I have now completed my first of three finals. Finals are spread out over the course of three and a half weeks, quite different than the one and a half weeks given at RPI. Students here tend to take a much larger course load so the extended period is desired to accommodate the plethora of exams. Students also spend much more time studying because the exam is worth such a large percentage of your final grade; the average final exam is worth seventy or eighty percent of your grade.

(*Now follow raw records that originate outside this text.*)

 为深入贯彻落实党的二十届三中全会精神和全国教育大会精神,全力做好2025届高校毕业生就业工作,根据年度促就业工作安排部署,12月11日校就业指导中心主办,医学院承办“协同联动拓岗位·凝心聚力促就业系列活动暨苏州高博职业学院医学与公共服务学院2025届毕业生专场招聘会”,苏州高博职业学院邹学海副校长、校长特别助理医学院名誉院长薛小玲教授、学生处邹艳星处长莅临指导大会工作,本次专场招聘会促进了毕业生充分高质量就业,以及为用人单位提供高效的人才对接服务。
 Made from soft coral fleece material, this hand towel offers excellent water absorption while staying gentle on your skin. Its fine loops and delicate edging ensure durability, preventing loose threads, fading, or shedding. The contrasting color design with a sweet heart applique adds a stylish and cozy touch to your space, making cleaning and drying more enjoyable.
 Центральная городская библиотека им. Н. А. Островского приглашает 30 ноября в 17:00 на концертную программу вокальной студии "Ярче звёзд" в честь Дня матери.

The exam itself is extremely intense. They fill entire halls with hundreds of equally spaced desks, all facing the same direction. They sent out final exam regulations requiring your electronic signature. Ten minutes prior to the start of the exam, an "invigilator" reads off actions that will result in expulsion, over the PA system. Calculators must be checked and all memory erased. The exam has a dress code. The whole thing was rather intimidating and there was a loud thunderstorm during my final which added to the ominous atmosphere. I believe I passed though which is what ultimately matters. I would have liked to take a picture of the regulation examination hall but would be scared of getting expelled for bringing a camera into the hall; it seemed like a high security military research facility.

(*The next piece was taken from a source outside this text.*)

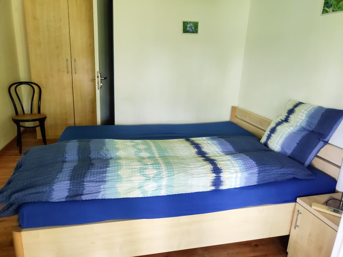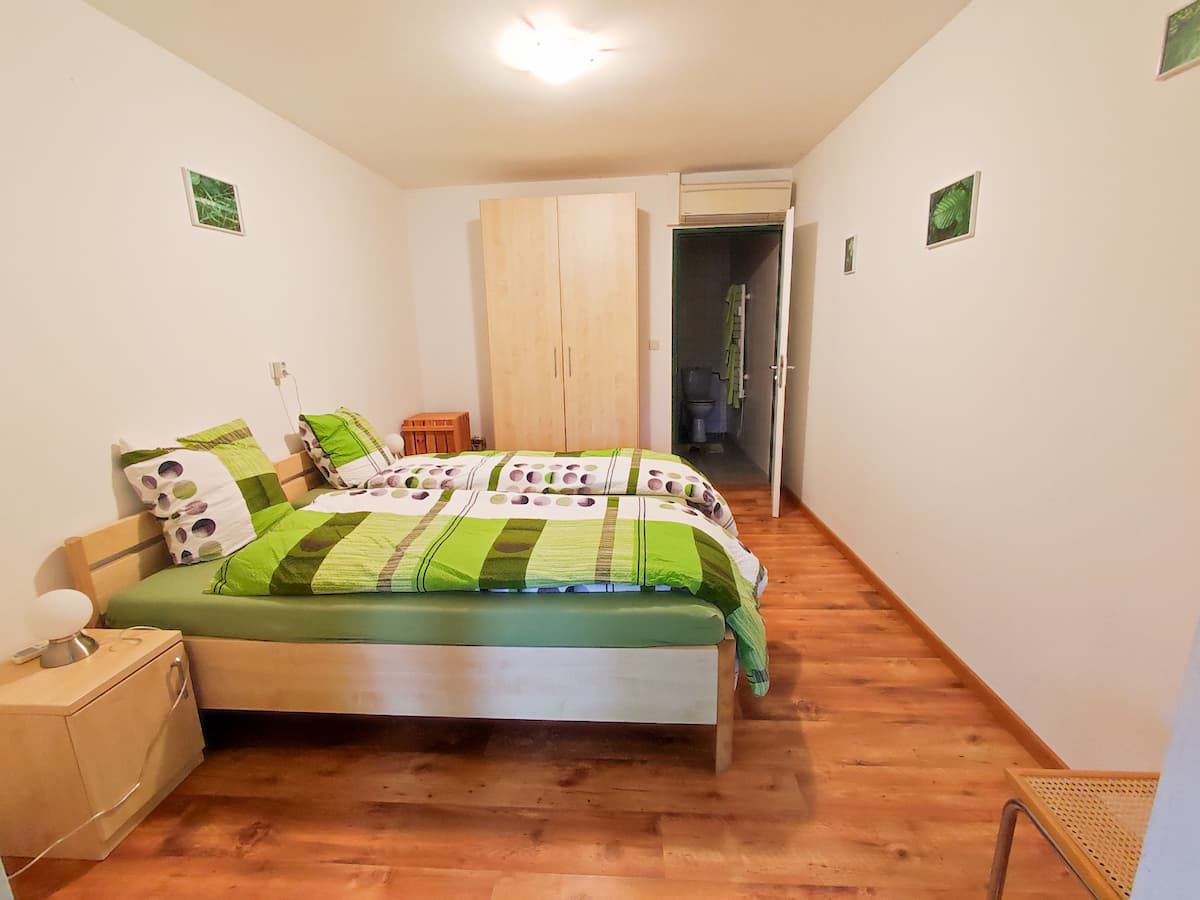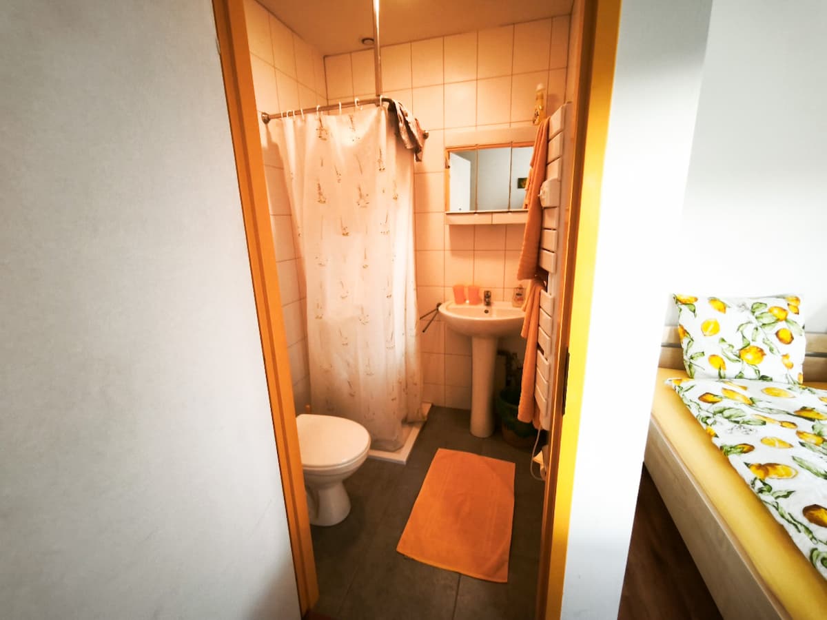 Die vier Zimmer der Sequoia‑Ranch sind schlichte, gemütliche Rückzugsorte mitten in der Natur. Jedes Zimmer ist als Einzel- oder Doppelzimmer buchbar und verfügt über ein eigenes Bad mit Dusche und WC sowie einen direkten Zugang zur grossen, überdachten Gemeinschaftsterrasse. Von dort öffnet sich der Blick weit über Wiesen und Wald, ein ruhiger, grüner Horizont, der zu jeder Tages- und Jahreszeit anders wirkt.

Most manikins in South-east Asia do not have heads, but for the ones that do this is standard procedure:

I recently experienced a laptop tragedy. In an attempt to play a network game with an off-campus local, I installed a free network adapter from the Internet. It did not work and as a result of installing it my computer FLIPPED out and would not let me access the Internet. My mouse cursor was spazzing out and windows would not shutdown properly. A number of people spent hours trying to fix the problem and spending a couple hours at the campus tech desk did nothing for the problem. Normally I would take my laptop to the RPI help desk and let them work their magic but that resource is unavailable here. I eventually bypassed the issue by installing Linux; when I get back to RPI I can re-image. Linux is fun but it makes using some applications very difficult...


This tree has cool roots. There is a chap in the background named Graham; he attends college in Buffalo.